The first estimate cannot be given because we do not know how much time the police spent on record-keeping before the Act came into force. In many cases where the Act imposes a statutory requirement the police were already keeping records in order to avoid arguments and get convictions. In other cases, new recording requirements act as necessary safeguards on the exercise of additional police powers. How many police officers are available for beat patrolling in any area at a particular time obviously depends on many factors and no one could estimate reliably the effect of any one of them.

Mr. Townend

I thank my right hon. Friend for his reply. At a meeting with local Members of Parliament the chief constable of Humberside said that the requirement to take a verbatim record of all statements was taking up a considerable amount of additional time, that it was putting pressure on police manpower and that it was also making it more difficult to get at the truth, because the cross-questioning of suspects became slower and more tedious, those who were prone to lie had more time to think about what they were saying and therefore it was more diffcult to catch them out.

Mr.
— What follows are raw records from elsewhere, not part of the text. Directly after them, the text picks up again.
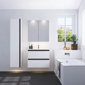 Verleihen Sie Ihrem Badezimmer einen modernen Touch mit einem Oberschrank mit integriertem Griff. Das schlichte, aber stilvolle Design dieses Schranks macht ihn zu einer idealen Lösung zur Optimierung des Platzes. Die beiden Glaseinlegeböden ermöglichen es, Ihre Badezimmerartikel zu präsentieren und sie organisiert zu halten. Mit diesem Oberschrank erhalten Sie nicht nur praktische Aufbewahrung, sondern auch ein schönes Detail, das sich mit einem offenen Regal kombinieren lässt und sowohl Funktionalität als auch Ästhetik in Ihr Badezimmer bringt. OBS: Für Produkte mit wahlfreie Farbe fällt eine Aufpreis (BI1) an. Einmalige Berechnung, unabhängig von der Anzahl der Elemente. Überlegen Sie Ihre Badmöbel mit praktischem Zubehör auszustatten, an denen Sie täglich Freude haben werden. Wie z.B. LED-Beleuchtung in den Schubladen, Innenbeleuchtung in den Schränken, eine eingebaute Steckdose und LED-Beleuchtung unter dem Schrank inkl. Bewegungssensor und Lichtsteuerung die Ihren nächtlichen Besuch im Bad führt. Das Zubehör wählen Sie direkt mit Ihren Möbeln aus.
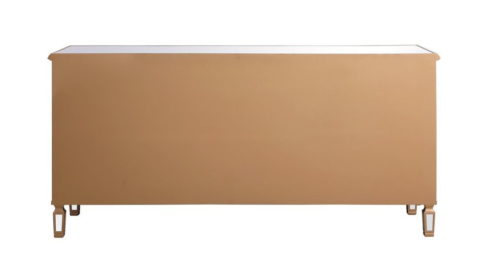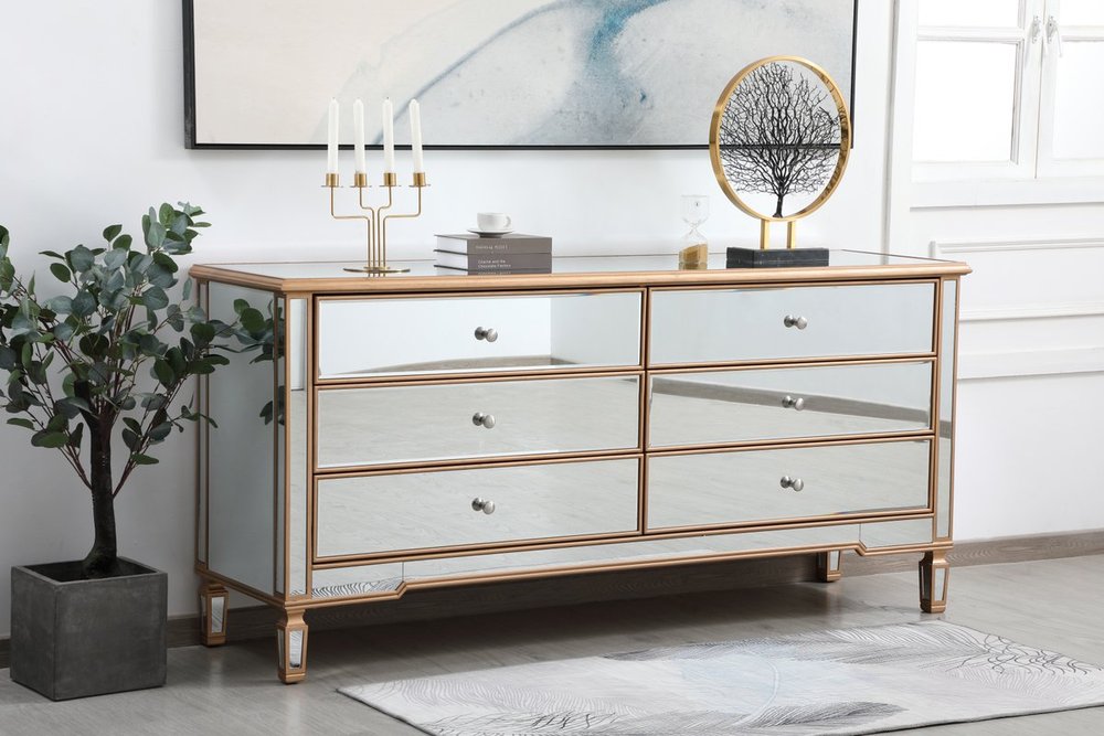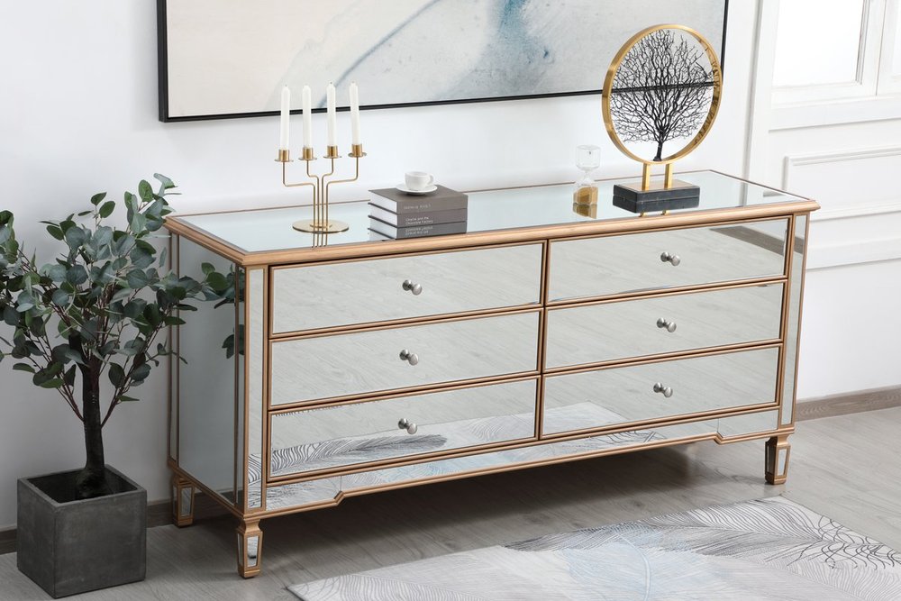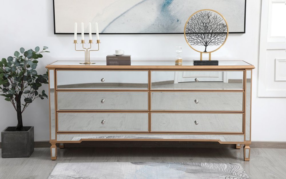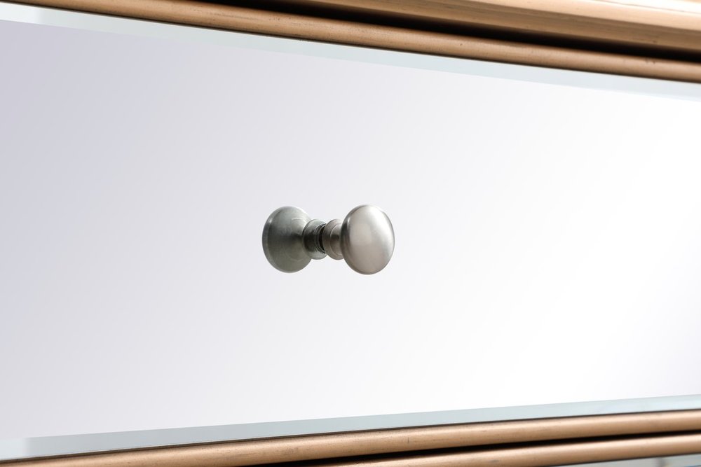 Crafted with mdf, solid wood legs, clear mirror panels, and crystal knobs
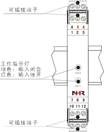EVT1/EVT2:工作指示燈:當輸入信號短接時,指示燈為綠色;當輸入信號斷開時,指示燈為紅色。 35mm導軌式安裝,安裝時請注意卡位穩(wěn)定、牢固。 請盡可能垂直安裝,以利于儀表內部熱量散發(fā)。
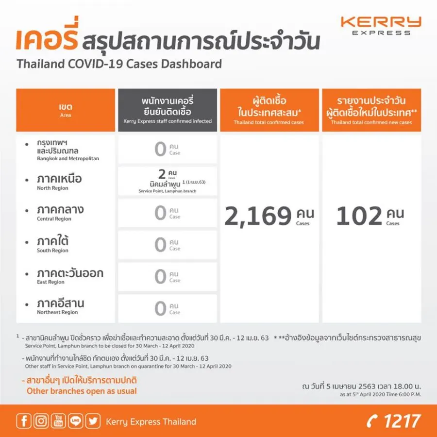 ในเพจเฟซบุ๊ค Kerry Express Thailand ได้โพสต์ข้อความระบุว่า เคอรี่ เน้นย้ำมาตรการเฝ้าระวังและเข้มงวดด้านความปลอดภัย จากกรณีที่มีพนักงานได้รับเชื้อcovid-19 และตรวจพบผู้ติดเชื้อเพิ่ม 1 คน ซึ่งเป็นเพื่อนที่ทำงานใกล้ชิดกับพนักงานคนแรกนั้น
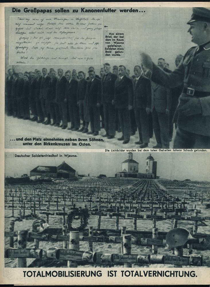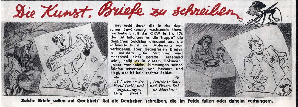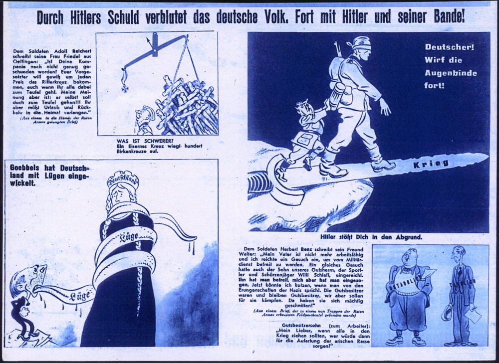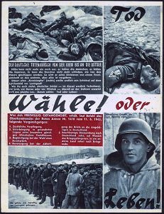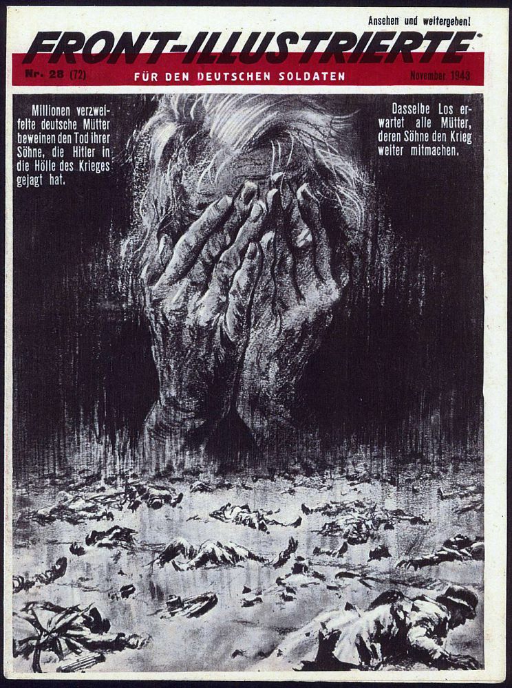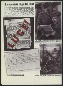 2797 | 35 € | KGF-POST II. WELTKRIEG (ab 1939) : UdSSR / DEUTSCHES REICH 1943 (Nov.) sowjet., deutschsprachige Propaganda-Flugblatt-Zeitung: FRONT-ILLUSTRIERTE Nr.28: Millionen verzweifelte deutsche Mütter.. , 4 Seiten. rs. Anti-Hitler-Fotomontage (Format 21,5 x 28,5 cm) sehr gute Erhaltung!, sehr selten! | ![]() ![]() | |
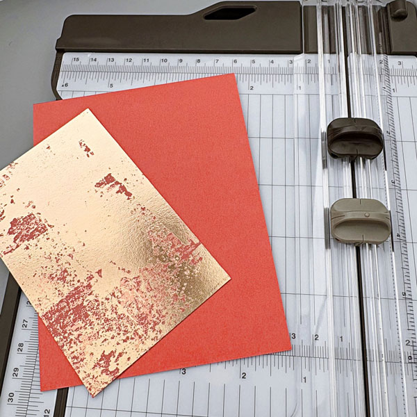 I started out by preparing an A2 card base with Calypso Coral cardstock. Then I trimmed a piece of Dry Brushed Metallic paper to 3’’ x 4.5’’ as a background accent.
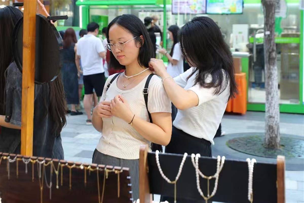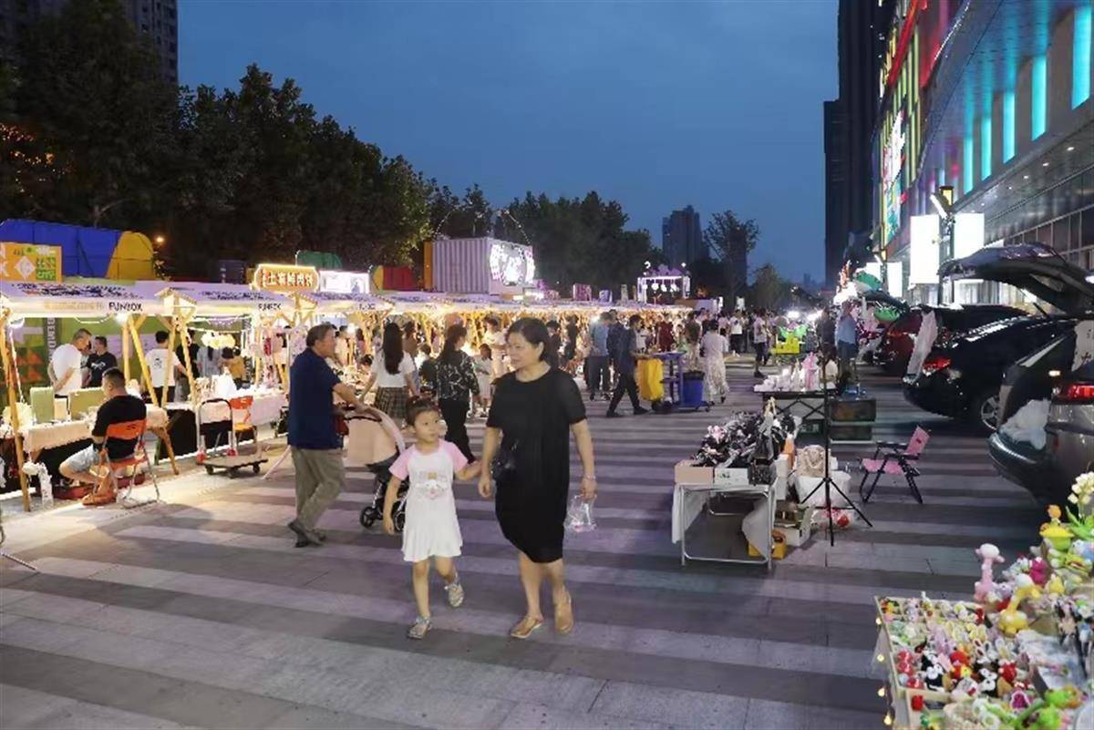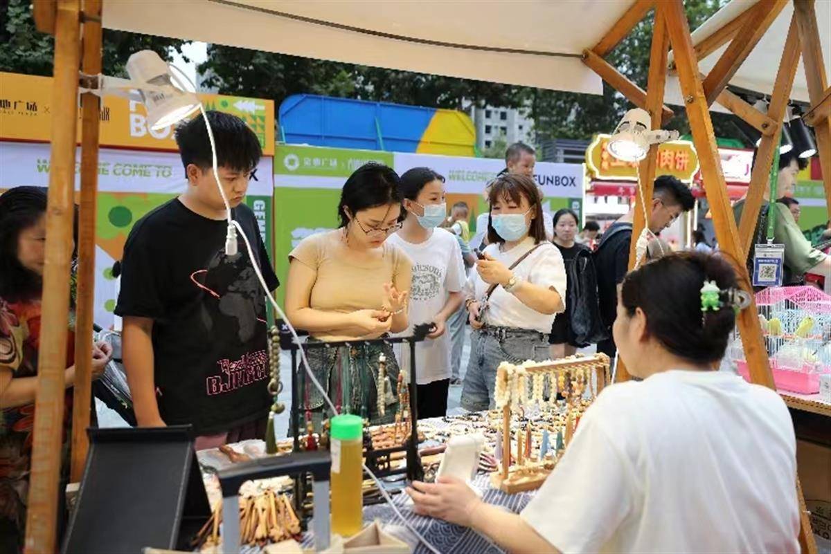 夜幕降临,华灯初上,整齐划一的摊位在金地广场一字排开。摊主的叫卖声、游客的交谈声、“趣玩电音趴”的音乐声此起彼伏,各色招牌光影交错,各种美食琳琅满目,各类小商品创意新潮,灯光璀璨中人潮涌动。市民游客赏夜景、逛夜市、品美食、看电影,沉浸式体验家门口的人间烟火。

Hurd

I know of that point, but it is also a fact that in London and Greater Manchester the police forces had already moved to the taking of something like contemporaneous notes, because they had found that, unless they did that, what went on in a police station was afterwards challenged and they were not securing convictions. That was the reasoning that lay behind that provision in the Act. Tape recording is the answer, and as we introduce it steadily throughout the country, as we are doing, it will solve that problem.

Sir Eldon Griffiths

As my right hon. Friend's officials have been unable to provide him with any estimates, why does he not examine the report of Her Majesty's Chief Inspector of Constabulary? His estimate is that 2,400 man years and £45 million of additional expenditure were required to do the training for the introduction of the Police and Criminal Evidence Act and that there has been a significant reduction in arrests and clear-ups, which the Chief Inspector of Constabulary thinks must be connected with the Police and Criminal Evidence Act. I support the Police and Criminal Evidence Act, but when he considers police manpower I hope that my right hon. Friend will take into account the problems that this legislation has created.

Mr. Hurd

Of course I have read the report of Her Majesty's Chief Inspector. It showed that there was a considerable once-for-all training burden on the police. In some rural areas, the need for custody sergeants produces a demand for manpower that I regard as legitimate. I do not accept that record-keeping in police stations is unnecessary. My hon. Friend will have noticed with pleasure that the clear-up rate after the dip last year has begun to improve. It was 5 per cent. up in the first quarter of this year, compared with the first quarter of last year.

Mr. Corbett

As the Home Secretary does not know how much extra work the Police and Criminal Evidence Act has produced, will he undertake to make inquiries of the police to find out? Does he not recall the Opposition warning predicting that, instead of setting out the responsibilities of the citizen and the powers of the police, the Act would turn into no more than a bureaucratic nightmare?

Mr. Hurd

I do not know how the hon. Gentleman can say that when, day after day and night after night, we faced detailed Opposition amendments to increase the paperwork, to increase the bureaucracy and to load on to the police burdens which their representatives and we decided were quite unreasonable. The general election has given the hon. Gentleman amnesia.